GR 139290; (November, 2005) (Digest)
G.R. No. 139290 November 11, 2005
Trade & Investment Development Corporation of the Philippines (Formerly Philippine Export & Foreign Loan Guarantee Corporation), Petitioner, vs. Roblett Industrial Construction Corporation, Roberto G. Abiera, Leticia Abiera, and Paramount Insurance Corporation, Respondents.
FACTS
Petitioner Philguarantee issued a counter-guarantee to the Bank of Kuwait and the Middle East (BKME) to secure a bid bond for respondent Roblett’s subcontract bid in Kuwait. As a condition, Philguarantee required Roblett to post security equivalent to 100% of the guarantee accommodation. To comply, Roblett obtained Surety Bond No. G-(16)488 from respondent Paramount Insurance Corporation. The bond explicitly bound Paramount, as surety, jointly and severally with Roblett to pay Philguarantee the sum of ₱11,775,611.35 for any damages or liabilities incurred under its guarantee, with the bond’s expiry date being co-terminous with Philguarantee’s counter-guarantee.

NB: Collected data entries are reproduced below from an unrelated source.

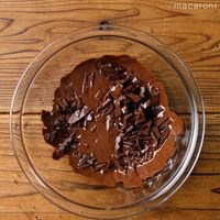 チョコレートを耐熱ボウルに入れてレンジ600Wで1分加熱し、混ぜ合わせます。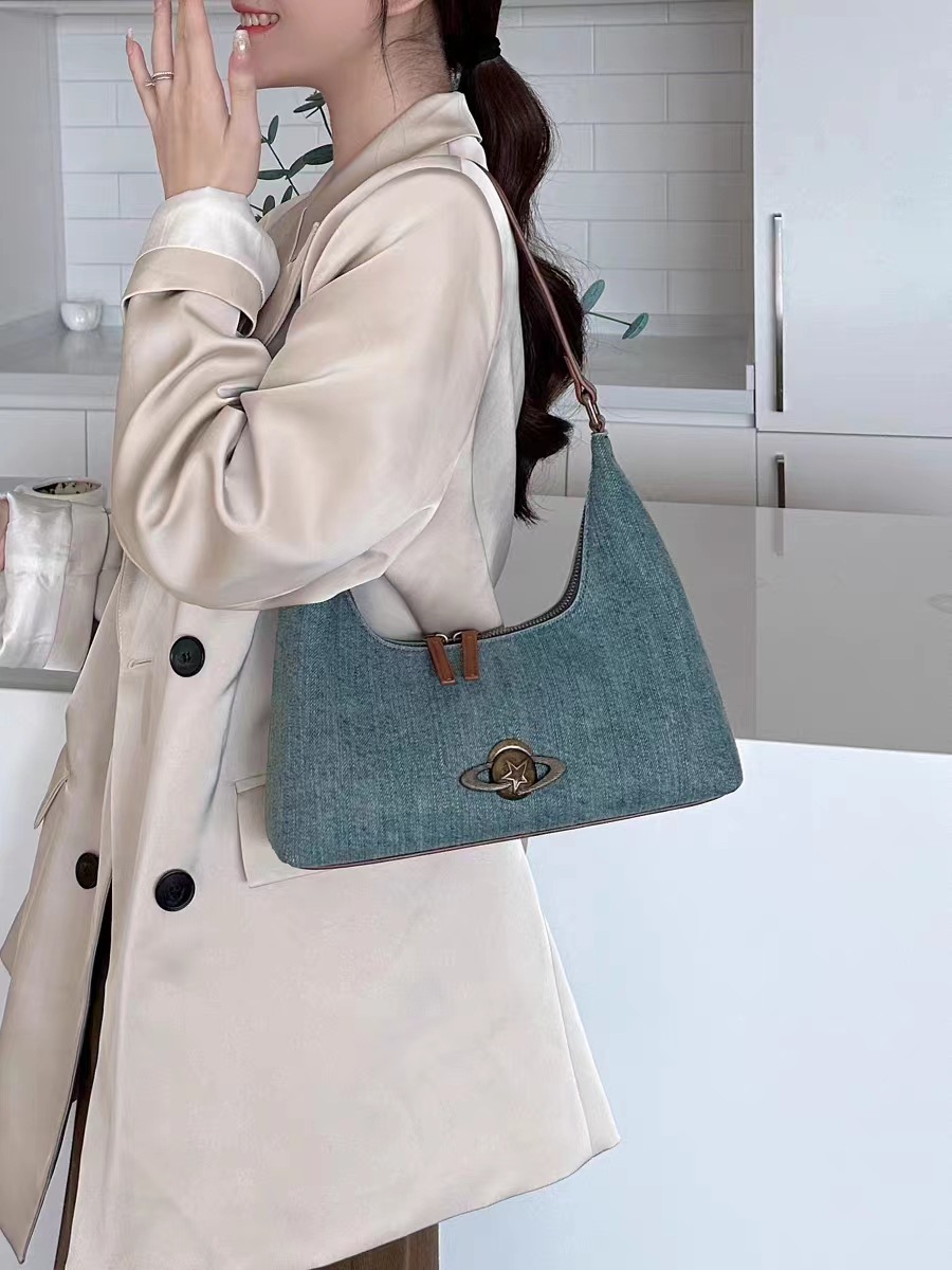 MA HYYGA Wandering Planet Denim niche underarm bag, high-end single-shoulder bag, women's retro bag, handbag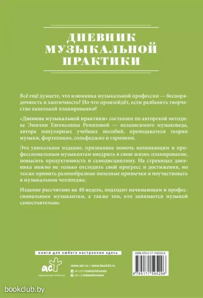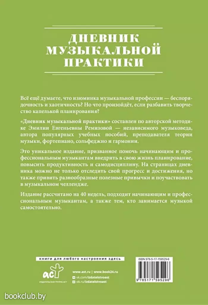 Это уникальное издание, призванное помочь начинающим и профессиональным музыкантам внедрить в свою жизнь планирование, повысить продуктивность и самодисциплину. На страницах дневника можно не только отследить свой прогресс и достижения, но также привить разнообразные полезные привычки и поучаствовать в музыкальном челлендже.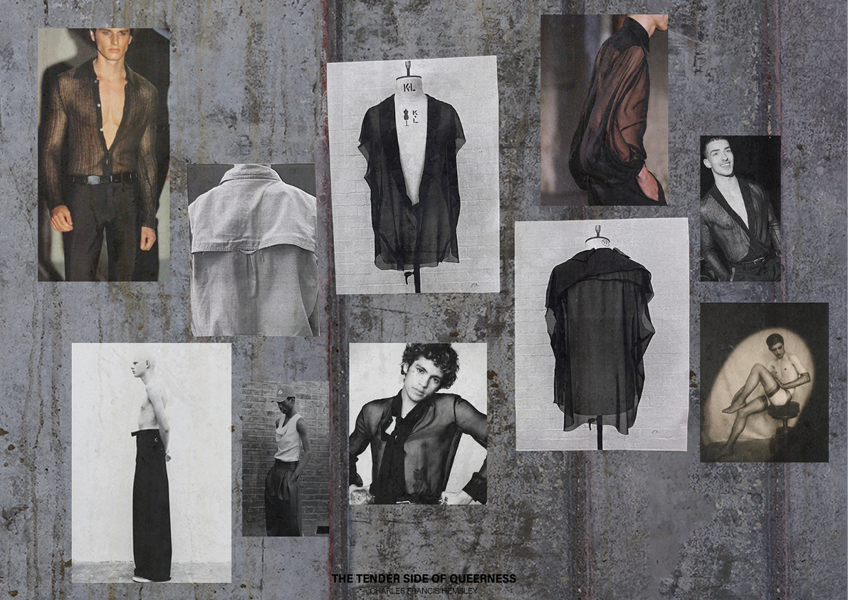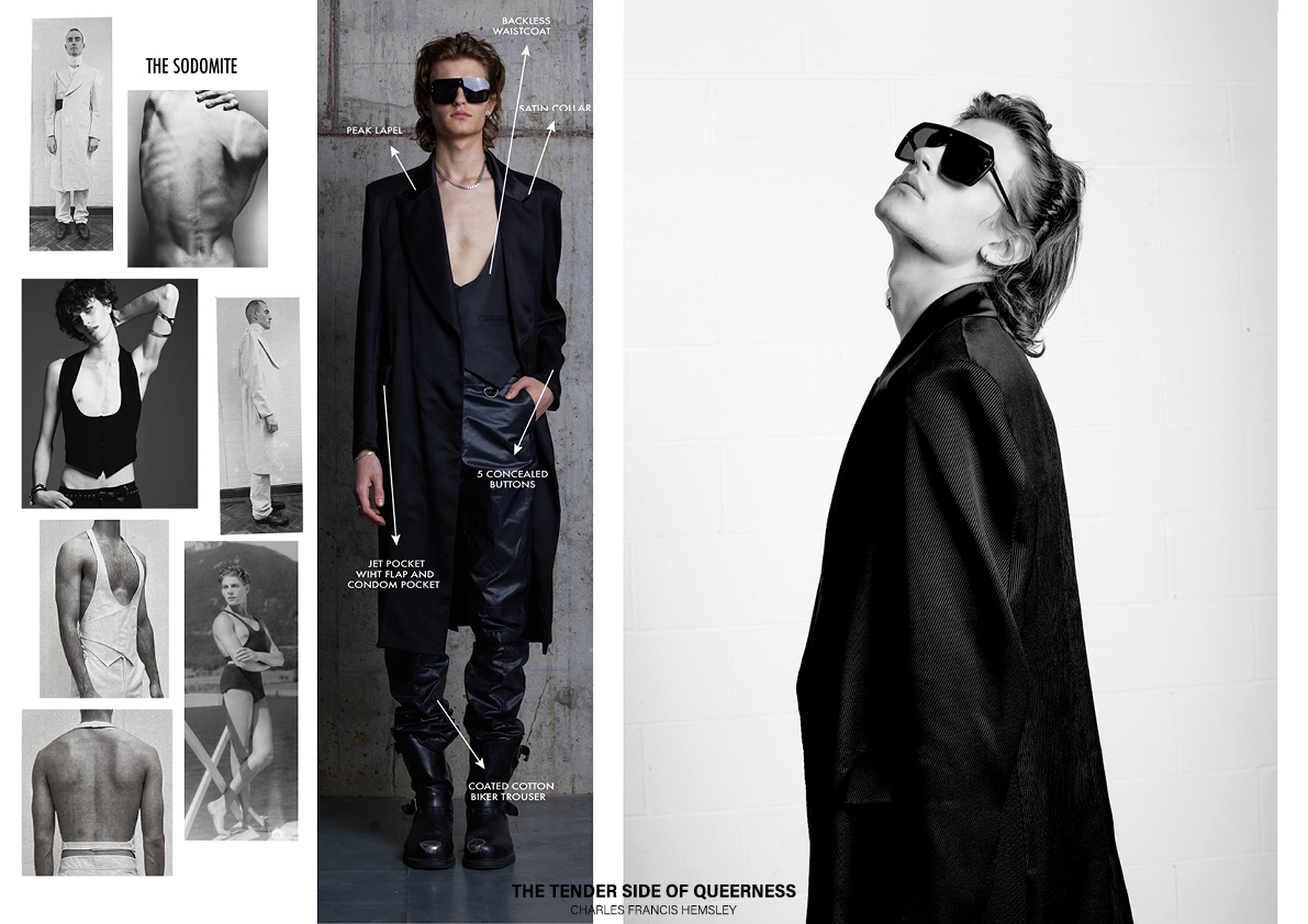 ‘I wanted to create something which expresses the inner strength and vulnerability that comes with embracing one’s sexual identity, while at the same time make men feel empowered and want to wear clothing with non-traditional masculine detailing, such as open-back tops.’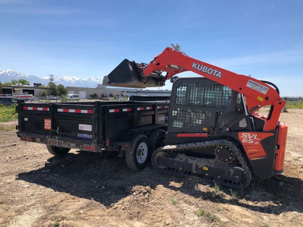 Kubota SVL65 track loader with large dump trailer — built for moving, loading, and hauling material efficiently on the same job.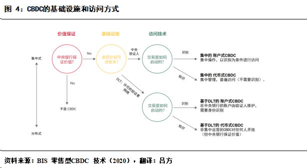 目前,CBDC及数字货币体系的技术特性主要考虑点包括:可用性、安全性与弹性、性能与可扩展性、互操作性、灵活性与适应性强以及环境友好性。而数字货币体系的核心基础设施是所运营的核心账本系统,允许发行、赎回和结算以及潜在的其他活动,目前根据技术路线不同,可分为集中式账本技术(CLT)和分布式账本技术(DLT)两种。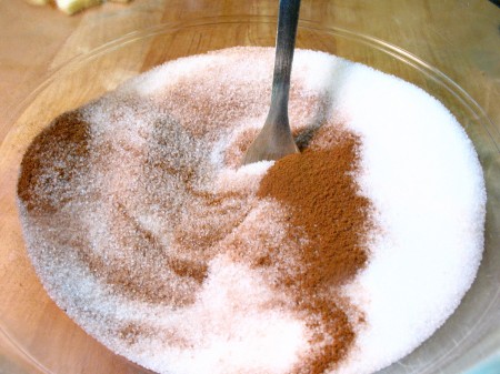Prepare the cinnamon-sugar topping. Whisk together 1 cup sugar and 1 teaspoon cinnamon. Taste a little on your fingertip and adjust the cinnamon to your liking. If you're a sweet/salty person, a pinch of fine sea salt could be added to the mix.
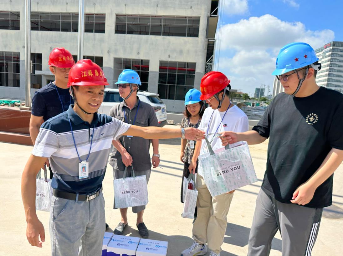 公司項管中心、督查辦、辦公室等公司領(lǐng)導(dǎo)一行先后來到華旋全過程咨詢項目、宋劍湖高中項目、吉谷新材料等施工現(xiàn)場,為一線員工送去了的防暑降溫用品和高溫補貼。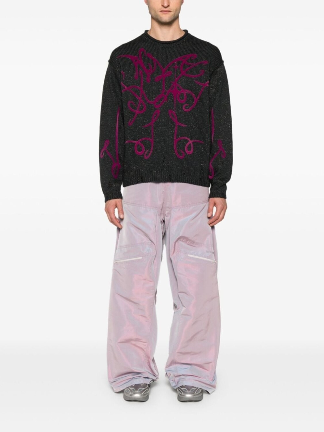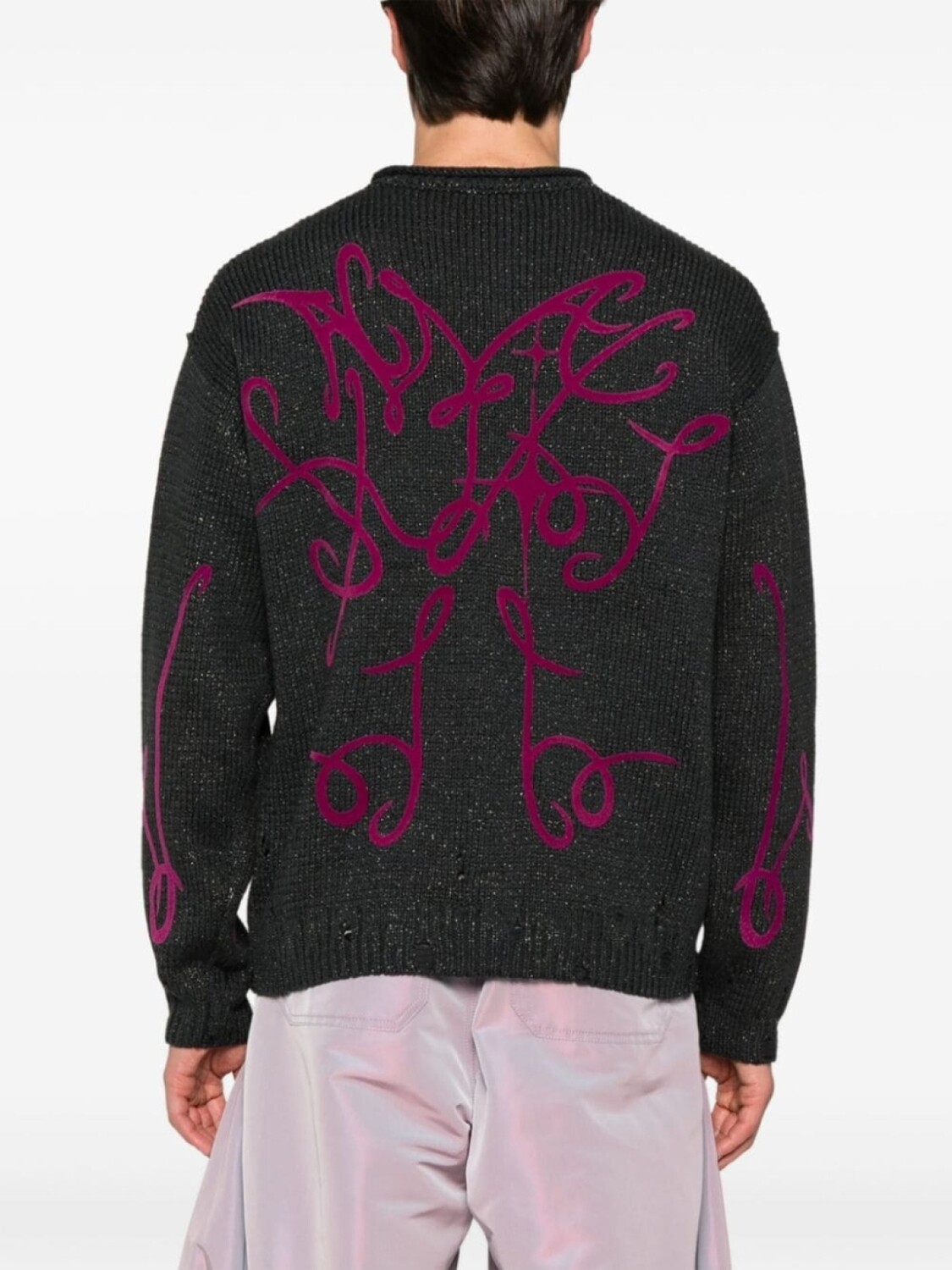 Темно-серый хлопковый микс металлизированная нить трикотажная конструкция эффект потертости сезонный флокированный логотип принт закатанный круглый вырез спущенное плечо длинные рукава ребристые манжеты и подол Мы сотрудничаем с Good On You — независимым агентством, которое оценивает, как бренды работают с точки зрения их воздействия на планету, людей и животных, с многокритериальным рейтингом, упрощенным до пятибалльной шкалы. Чтобы получить наш лейбл сознательности, крупные бренды должны набрать не менее четырех из пяти («Хорошо»), в то время как более мелкие бренды должны набрать не менее трех из пяти («Это начало»). Этот товар принадлежит бренду, получившему оценку три из пяти («Это начало») от Good on You на момент его добавления на FARFETCH. Обратите внимание, что это рейтинг на уровне бренда, и он не гарантирует, что этот продукт изготовлен из сознательных материалов. Узнайте больше о том, что делает продукт сознательным, на нашей странице критериев сознания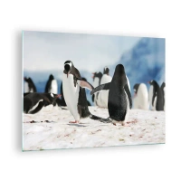 Üveg kép - Pingvinek a hóban, sarki tájon - 70x50cm - Tánc a havon - Modern fali dekoráció nappalihoz és hálószobához ARTTOR

Roblett failed to secure the subcontract. Subsequently, BKME demanded payment from Philguarantee under the counter-guarantee. Philguarantee paid BKME and then demanded reimbursement from Roblett and Paramount under the surety bond. When Paramount refused, Philguarantee filed a complaint for sum of money. The Court of Appeals affirmed the trial court’s dismissal, discharging Paramount from liability, primarily on the finding that the surety bond was merely an accessory contract to an Indemnity Agreement between Roblett and Paramount, and that Philguarantee’s payment to BKME was premature and not in accordance with the terms of the underlying guarantee.
ISSUE
Whether respondent Paramount Insurance Corporation is liable to petitioner Philguarantee under the terms of Surety Bond No. G-(16)488.
RULING
Yes, Paramount is liable. The Supreme Court reversed the Court of Appeals, holding that the terms of the surety bond are clear and constitute the law between the parties. The bond is a contract of suretyship where Paramount bound itself solidarily with Roblett to answer for the principal obligation. The Court emphasized that a contract of suretyship is an accessory promise by which one binds themselves to answer for the debt or default of another. The bond’s stipulations are unequivocal: Paramount obligated itself to pay Philguarantee for whatever damages or liabilities it incurred under its guarantee to BKME.
The appellate court erred in relying on Paramount’s separate Indemnity Agreement with Roblett to exonerate the surety. That agreement is irrelevant to the independent contractual obligation Paramount directly assumed in favor of Philguarantee. The bond’s conditions were fulfilled: Philguarantee’s guarantee was called, it paid BKME, and it made a demand on the surety. The defense that Philguarantee’s payment was premature pertains to the principal obligation between Philguarantee and BKME/Roblett, which does not affect the surety’s direct, solidary liability to the creditor, Philguarantee, under the clear terms of the bond. Paramount’s obligation became due and demandable upon Philguarantee’s payment and demand.